Aiming for improved projections and a better understanding of important climate processes, climate modelling strives for ever higher resolutions in its simulations in space and in time. Accordingly, the amount of data handled and produced by competitive Earth system models are highly increasing, posing a complex challenge to not only the hardware but also to the software used in this context. Whereas computing power has become cheaper and more readily available in recent decades, input-output infrastructures have to keep up with the data generated. Weather and climate forecasting is one of the three pilot projects in the ACROSS project. In it, the Max-Planck Institute for Meteorology (MPI-M), which operates a modern, competitive Earth system model, works on improving its data management workflow, especially for large ensembles of experiments as well as the storm-resolving model runs.

The ICON model

The ICON (ICOsahedral Nonhydrostatic) model is developed in a continuous collaboration among MPI‐M, the German Weather Service (DWD), the German Climate Computing Center (DKRZ), and the Karlsruhe Institute of Technology (KIT). Its weather forecasts are used in more than 30 national weather services as lateral boundary conditions for limited-area forecasts.

Although ICON was born mainly for numerical weather prediction, ICON is the compilation of sub-models for the atmosphere, land surface and ocean circulation models that can be used separately or in different combinations in a coupled model. As it integrates a wide variety of aspects of the global Earth system (e.g. physics, chemistry, biogeochemistry), it is a central tool for assessing different scenarios and climate simulations. Currently, many researchers at MPI-M and other research institutions employ ICON regarding a variety of research questions, from slow low-resolution long-timescale processes to quick high-resolution short timescale ones. It has been a central element of various high-end scientific publications.

The BORGES data system

In order to efficiently handle and organize the vast amount of data produced by the ICON model, MPI-M will develop and evaluate the large-scale data system, Better ORGanized Earth System model data (BORGES), in the course of the ACROSS project. Whereas the ICON model constitutes the main data sources in BORGES, this data is stored in the Field DataBase (FDB) as the major sink for stream data with several back-ends for actual storage. FDB has been developed at ECMWF as a domain-specific object-store designed for fast archival and retrieval of meteorological and climatological data.
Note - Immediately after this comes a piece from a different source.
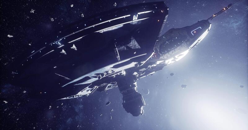 Spaceship navigating asteroid field in deep space with a bright star Pro Video

As its main task, the BORGES data system ensures the consistency of all data stored in it, between metadata such as model parameters to ensure easy reproducibility and the large data streams of model output. For High-Performance Data Analytics these streams can additionally be distributed to further post-processing tasks. Regarding data retrieval, BORGES will provide easy, semantic and efficient access to the data kept in it to help climate researchers in their everyday work. As part of their research workflow, it has to account for the variety of needs by numerous users.
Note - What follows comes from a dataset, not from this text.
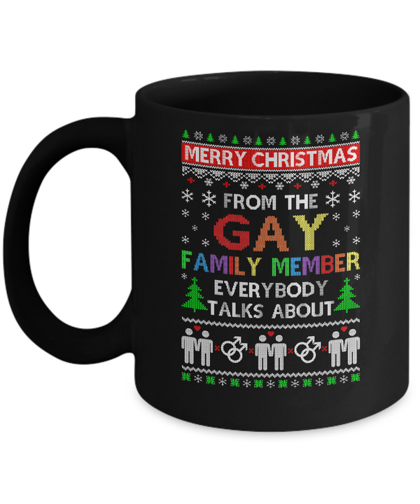 Embrace the holiday spirit with our LGBT Merry Christmas From Gay Family Ugly Christmas Sweater Mug. Specifically designed for the LGBTQ+ community, this charming mug is perfect for sipping cocoa at festive gatherings or showcasing your pride. The playful ugly sweater design brings a smile, making it an ideal gift for your friends or family who love to celebrate diversity this season. Whether you’re exchanging gifts or enjoying a cozy evening at home, this mug is a delightful reminder of love and acceptance. Celebrate togetherness and cherish those special moments with this unique holiday treasure that not only serves a purpose but also spreads joy.

In its data flow, BORGES tries to find an efficient compromise between a centralized database architecture and computing jobs distributed on the High-Performance Computing (HPC) cluster. It is centralized in the sense that access to the system is only possible via the defined interfaces (e.g., a shared library would not fulfil this requirement). However, the processes for this interface are distributed among user HPC jobs as well as classical services on virtual or dedicated hardware servers.

In the next two years as part of the ACROSS project, MPI-M will build and evaluate this system in several HPC environments, partially on specialized storage hardware. We are confident that BORGES will prove to be highly useful for climate researchers, not only at MPI-M but also across the weather and climate community.